The drawing class has been a great way to rest between writing story drafts.
During the past couple of weeks 68% of all my energy has gone into story writing. Another 20% has gone into the bookkeeping I do for money. That has left only 12% for the rest of life. Hardly balanced, you know? Sleeping, eating, taking walks, bathing, cat-care, a pinch of socializing all crammed into 12%? I think I used to have more of a 33/33/34 split. But my word for 2014 is CREATE, and I’ve prefaced it with FOCUS.
FOCUS. CREATE. I want to write this story collection while I have the chance. I want it more than anything else. Since reading Ann Patchett’s essay, “The Get Away Car”, I’ve got a simple new mantra: put writing first.

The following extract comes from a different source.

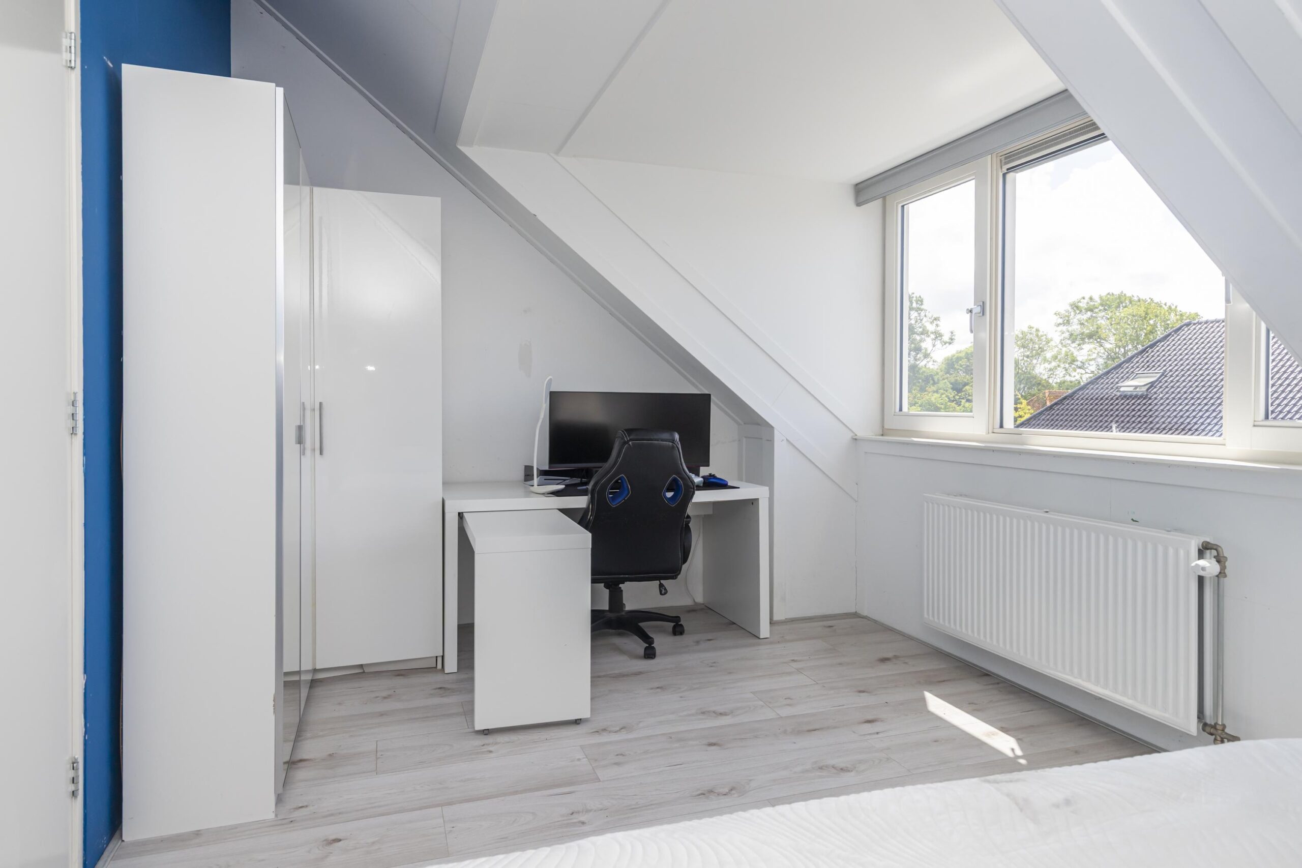 Grenzend aan de woonkamer bevindt zich een extra kamer, ideaal als werkkamer of praktijkruimte. Deze is voorzien van airco én dubbele deuren naar de achtertuin.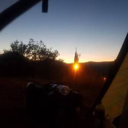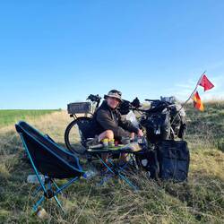 Das heutige Frühstück auf der Hotelterrasse verbringen wir noch entspannt, etwas Anspannung stellt sich allerdings beim Verlassen des Hotels ein. Der freundliche Gastgeber lässt sich nicht davon abbringen, uns helfen zu wollen. Das gemeinsame Heruntertragen der Taschen ist noch unproblematisch, bei den Rädern wird es schwieriger. Leider ist es uns nicht möglich, ihm verständlich zu machen, dass es bedeutend einfacher wäre, diese allein die enge Treppe herunter zu bugsieren. Und so besteht er darauf, irgendwie und irgendwo mit anzufassen und das ganze Unterfangen gibt ein recht abenteuerliches Bild ab. Irgendwie kommen aber am Ende doch Menschen und Räder heil die Treppe hinunter und wir können in eine sonnige Etappe starten. Wenn man sich fragt, was das Gegenteil von Idylle ist..., wir spüren, hören, riechen und sehen es auf den ersten 20 Kilometern des Tages. Auf grobem, ääaäh, nein, natürlich nostalgisch historischem Kopfsteinpflaster rütteln und schütteln wir uns hinauf zum Ortsausgang. Weiter geht es auf einer lauten und sehr verkehrsreichen Straße. Wir durchqueren die Stadt Karabük, wo Lärm und Verkehr noch einmal zunehmen. Nach einem Einkauf lassen wir die Stadt hinter uns und zweigen von der Hauptstraße ab. Die Hoffnung auf mehr Ruhe erfüllt sich jedoch nicht - auch diese Straße ist recht groß und viel befahren. Auch die Umgebung wird nicht gerade hübscher, wir fahren entlang eines riesigen und lauten Stahlwerks mit rauchenden Schornsteinen. Passend zu diesem ganzen Idyll machen wir unsere erste Pause an einer Tankstelle...! Nach etwa 20 Kilometern tritt endlich Besserung ein: Die Straße wird kleiner und der Verkehr weniger, da lässt es sich doch deutlich netter radeln. Mit 30 Grad ist es heute wieder deutlich wärmer als in den letzten Tagen, entsprechend suchen wir uns für die nächste Pause einen ruhigen und vor allem schattigen Platz. Nach Tee, Kaffee, Keksen und Erholung fahren wir auf inzwischen sehr verkehrsarmer Straße weiter, über ungefähr zehn Kilometer geht es leicht, aber stetig bergauf. Es ist 17 Uhr, als wir etwas abseits der Straße einen passenden Platz für die Nacht entdecken. Die kleine, ebene Fläche hinter Büschen am Waldrand könnte möglicherweise mal als Holzlagerplatz gedient haben, nun eignet sie sich perfekt für unser Zelt. Angesichts der frühen Ankunftszeit bleibt uns noch angenehm viel Zeit für Dinge wie Lesen und Drohnenspielerei. Gegen 18 Uhr köchelt das Gemüse, welches wir uns schmecken lassen und dann ist es auch an der Zeit, das Zelt aufzubauen. Als wir nach Fertigstellung des Lagers inklusive der "Inneneinrichtung" mit einem Tee und einer Rolle Nachtischkeksen auf unseren Stühlen vor dem Zelt sitzen, ist es viertel nach sieben und bereits dunkel. Plötzlich hören wir Geräusche aus dem Wald. Das ist natürlich eigentlich nichts Ungewöhnliches, sind doch immer irgendwelche Vögel, Igel oder schlicht der Wind in den Bäumen und Büschen unterwegs. Dieses Geräusch ist aber lauter und lässt ein größeres Tier vermuten. Sehen können wir nichts, aber unser Unbehagen steigert sich doch sehr, als wir ein ziemlich bedrohlich klingendes Knurren hören. Was tun? Claudia will sich instinktiv ins Zelt verziehen, Heiko scannt die Büsche nach einem Fluchtweg in Richtung Straße. Nach kurzem Überlegen machen wir für einen Moment laute Musik auf dem Handy an und tatsächlich - die Geräusche sind anschließend nicht mehr zu hören. So richtig wohl ist uns dennoch nicht zumute. Sollen wir bleiben? Oder abbauen und weiterfahren? Aber wohin in der Dunkelheit? Sollen wir nachts abwechselnd wach bleiben und Wache halten? Diese Fragen stellen wir uns noch, als erneut Geräusche zu vernehmen sind. Okay, genug ist genug, das gefällt uns nicht! Wir räumen unser Zelt wieder leer und ab, schnell sind die Räder wieder bepackt. Laut Google Maps stehen in 1,3km Entfernung einige Häuser, diese wollen wir ansteuern. Da es noch nicht allzu spät ist, hoffen wir darauf, Menschen anzutreffen, die wir um die Möglichkeit einer Übernachtung auf sicherem Terrain fragen können. Unterwegs fällt Heiko plötzlich eine eigenartige Lichterkette am Himmel auf, was erst einmal ziemlich spooky auf uns wirkt. Tatsächlich sehen wir die Star Link Satelliten von Elon Musk, über die wir später lesen: "Nach jedem neuen Start fliegen die Satelliten erstmal in einer Kette beieinander, bevor sie sich auf die für sie vorgesehenen Umlaufbahnen verteilen. Es ist ein Spektakel, die Satelliten in dieser Formation als Perlenkette am Himmel zu sehen."

No one can (or will) put writing first for me. It doesn’t matter that, right now, no one is paying me to write. In fact, if you count workshop tuition and the hours I’ve turned down paying work, one could say that I actually pay to write. Nonetheless, my commitment is unwavering.
Lately, I say “no” more often than ever before. Not only to clients (who would pay me with money if I only had more time available), but also to friends texting, “HH?” at 4pm on a Friday. It’s uncomfortable–having spent 44 years as a people pleaser–now suspecting that my newly enforced boundaries are displeasing to some people.

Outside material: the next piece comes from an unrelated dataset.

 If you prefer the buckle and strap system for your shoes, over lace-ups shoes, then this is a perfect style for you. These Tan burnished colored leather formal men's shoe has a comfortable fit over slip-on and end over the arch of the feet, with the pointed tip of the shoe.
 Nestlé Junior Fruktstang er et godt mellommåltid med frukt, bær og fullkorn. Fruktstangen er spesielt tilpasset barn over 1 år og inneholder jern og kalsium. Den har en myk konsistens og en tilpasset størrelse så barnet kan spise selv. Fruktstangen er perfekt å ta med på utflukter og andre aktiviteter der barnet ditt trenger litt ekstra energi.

Maybe tolerating discomfort is only a matter of practice. Seven years go, I walked a marathon. I was obsessed with figuring out how to do it for close to two years. Preparing to go 26.2 miles on my feet as fast as my heart and lungs would allow was all about practicing continuing on in the face of discomfort. I even decided to find bliss inside of that discomfort, and it worked. I finished and finished happy.

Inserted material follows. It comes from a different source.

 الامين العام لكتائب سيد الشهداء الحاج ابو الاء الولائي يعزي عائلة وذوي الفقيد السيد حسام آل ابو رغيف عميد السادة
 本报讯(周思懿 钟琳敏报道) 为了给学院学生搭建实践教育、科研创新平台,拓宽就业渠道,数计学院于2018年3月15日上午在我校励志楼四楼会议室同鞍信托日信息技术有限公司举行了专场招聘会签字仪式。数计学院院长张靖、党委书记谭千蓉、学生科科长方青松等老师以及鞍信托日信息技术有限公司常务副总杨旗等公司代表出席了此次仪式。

Then again, maybe A Committed Writing Life isn’t a grand tour into perpetual discomfort. Maybe this is just a period of adjusting expectations. Either way, I’m continuing on.
Last week, when I finished another first draft, my smile was unsuppressable. One of my writing partners turned around immediate notes, and I was thrilled with her insights. Already great feedback for the rewrite. I’m in good hands. So grateful.
The story gets workshopped later next week. So tomorrow I’ll pick up work on another piece. I’ll let myself get so immersed in it that by the time the night of the workshop rolls around, I’ll have some distance from the newly completed draft. And so on, and so on.
Put writing first. “Time applied equals work completed.” [Patchett]. Work for yourself. Keep the stories rotating. Habits come from practice. Keep going. This is what I tell myself.
And when I need a break, there is line drawing.